Flow initiation pressure refers to the pressure required to initiate flow of gas or fluid through the reservoir rock after RDF exposure. Flow initiation pressure, which is calculated by subtracting the stable pressure from the maximum pressure when determining the final permeability, is recorded, with this data possibly indicating damage. Reductions in regained permeability often are associated with higher flow initiation pressures. Filtration values also can provide a clear indication of the extent of damage since higher fluid loss often is associated with lower regained permeability in tight gas reservoirs. All test results contribute to the overall interpretation of formation damage, but the most telling clue is the percent of regained permeability.

After vacuuming core plugs, pores are more visible and mostly clean of dust.
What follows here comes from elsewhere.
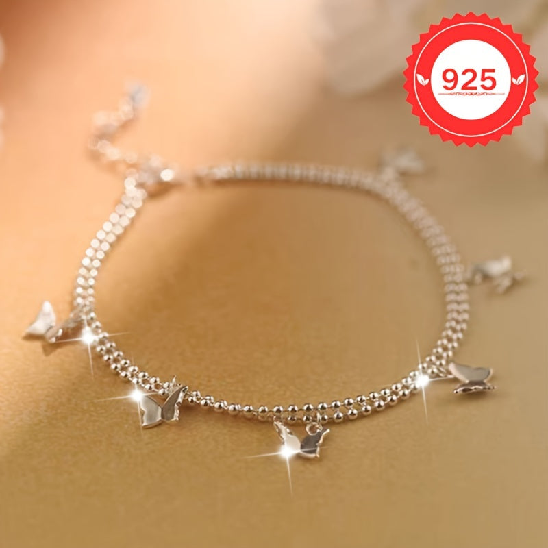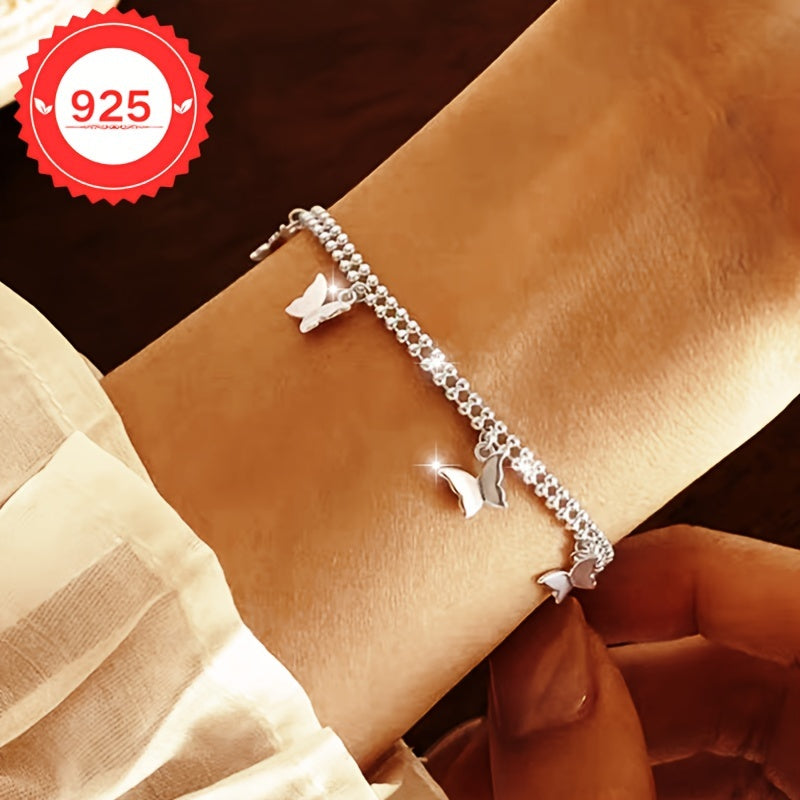 Add a touch of elegance to your everyday look with this S95 silvery bracelet. The double-layered beads, sweet butterfly charm, and tassels make it versatile and stackable.

Individual grains are clearly seen.

In one case study, test examples showed cores with higher filtration of around 12.8 mL, 204% pore volume having significantly lower regained permeability that cor- responded with a greater reduction in regained permeability by as much as 19.6%. The core samples with much lower filtration demonstrated high return permeability. Cases where return permeability values are >100% are most likely a result of reduced water saturations in the latter stages of the test. This is particularly true in tests conducted at very high temperatures where the core is more likely to "dry out." This effect is diminished in cores that have been centrifuged.

The tight fracture and pore spaces that become more saturated with water develop strong capillary forces that cannot be overcome easily. Situations such as this result in phase trapping. In many cases, the reservoir becomes permanently damaged with fluid invasion into the wellbore face, thereby reinforcing the critical need to use all available technology and procedures to minimize invasion at the onset.